Hong Kong civil servant and government official

Brian Charles Keith Hawkins (22 August 1900 – 1962), CMG, OBE was a Hong Kong civil servant and government official. He was the Labour Officer and the Secretary for Chinese Affairs.

Hawkins joined the Hong Kong cadets and joined the Hong Kong civil service. In 1940, he was appointed Labour Officer. During the Japanese occupation of Hong Kong, Hawkins was interned at the Stanley Camp.

After the war, Hawkins joined the British Military Administration as Secretary for Chinese Affairs and Labour Officer, with J. C. McDouall as his assistant.
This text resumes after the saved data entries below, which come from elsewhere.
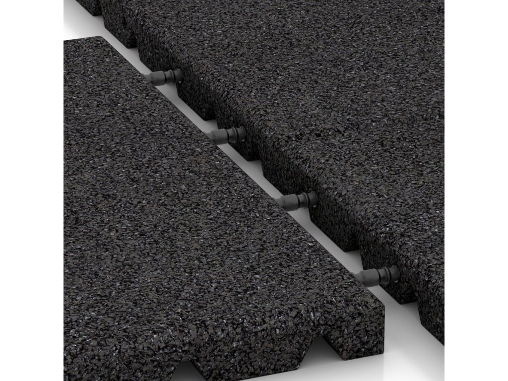V případě montáže gumové dlažby s použitím plastových spojovacích kolíků doporučuje přilepovat dlažbu k podkladu pro zabránění případnému odcizení dlaždic a zajištění kompaktnosti povrchu.
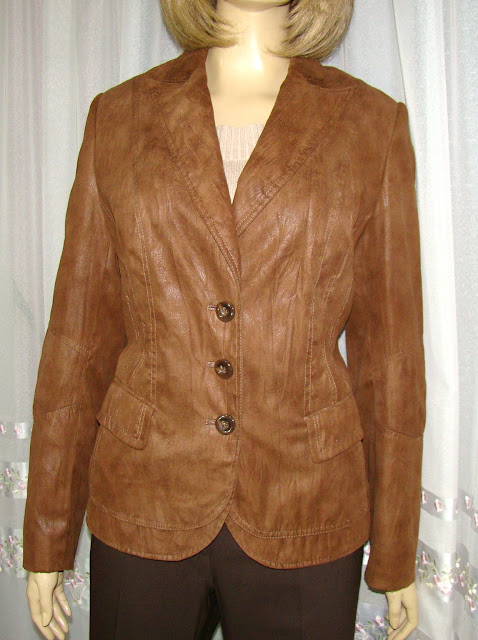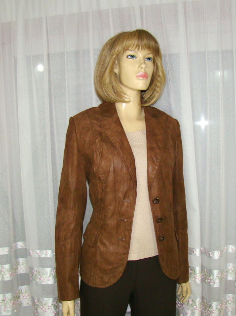 Taior conform et, de la BETTY BARCLAY, materialul imita f. bine pielea intoarsa, are o textura usor creponata cu un luciu mat, mai atenuat in realitate decat in foto, croiul este frumos cambrat pe linia corpului, buzunare cu clapete;
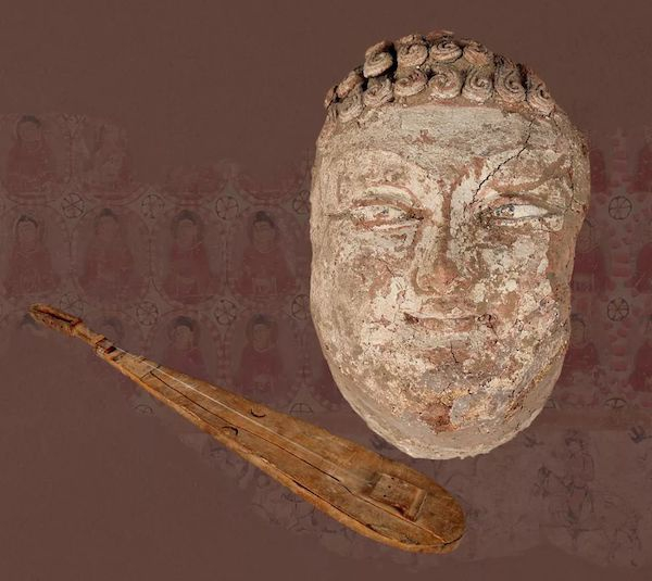 此文物保存相对完好,仅两耳缺损。弯眉,高鼻,小嘴。前后排螺髻的卷曲程度并不规律,极富变化。体现了于阗佛教艺术讲求韵律、富于变化的特征。发掘达玛沟托普鲁克墩2号遗址的过程中,在附近的沙丘里发现了这把三弦琵琶。其面板光滑平整,背部呈拱形,琴头、箱体、覆手尚存,琴头上装置弦轴的六个小孔位置精确、大小统一,但弦轴已丢失。
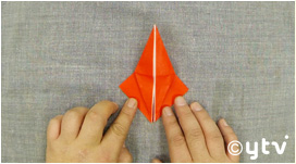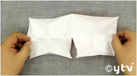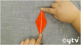 4、開いている側を中央に三角形に折り曲げ、それを広げてひし形にします。【反対側も同様】
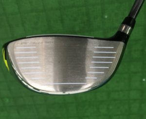 構えた感じは、やさしくてつかまりそうな印象です。フェースを見ると、TOUR B シリーズ共通のパワーミーリングという細い溝が彫られている。これにより、安定したスピン性能で飛ばすことができる。
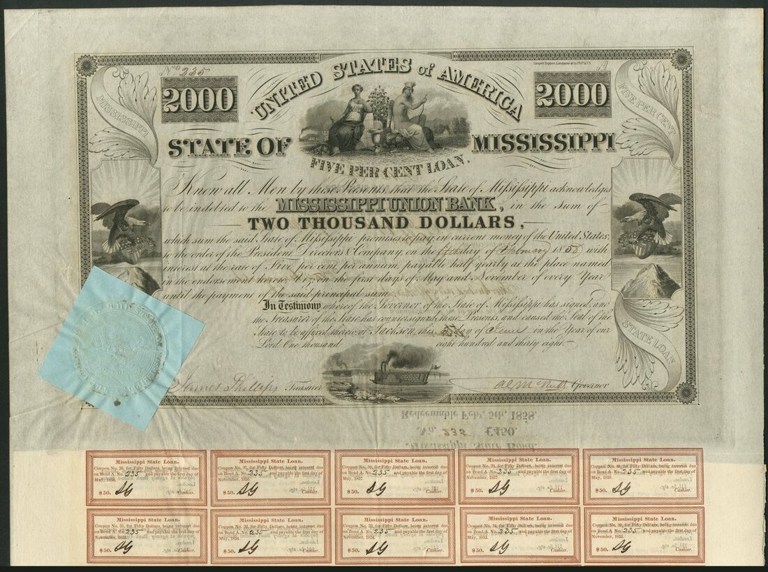 USA: State of Mississippi, 5% 'Union Bank' Loan, 1838, bond for $2000, #235, payable February 1858, attractive early piece with allegorical figures, bald eagle at either side, paddle steamer at bottom, black, blue paper seal, with coupons. AEF.

During his services as Secretary for Chinese Affairs, Hawkins managed such issues as tenancy, domestic disputes, issuing of alcohol license, and publication. In 1946, he was awarded Officer of the Order of the British Empire (OBE) for the services in connection with the rehabilitation of the colony.

He continued his position as Labour Officer, in which the title was changed to Commissioner for Labour in 1947. In August 1947, the Chinese Engineers' Institute launched a strike where the Kowloon-Canton Railway and docks stopped running, the Hong Kong and China Gas Company closed and Dairy Farm stopped producing milk, which caused an immediate jump in food prices, after the engineers' demand of wage increase from $2 to $5 a day was rejected. Hawkins announced all disputes were settled and that basic wages would rise by 50 per cent after negotiations went on for more than a month. In 1948, the rickshaw pullers demanded for rent reduction of rickshaws, in which Hawkins mediated between the pullers and the owners and finally reached a settlement. In 1952, Hawkins was made Companion of the Order of St Michael and St George (CMG).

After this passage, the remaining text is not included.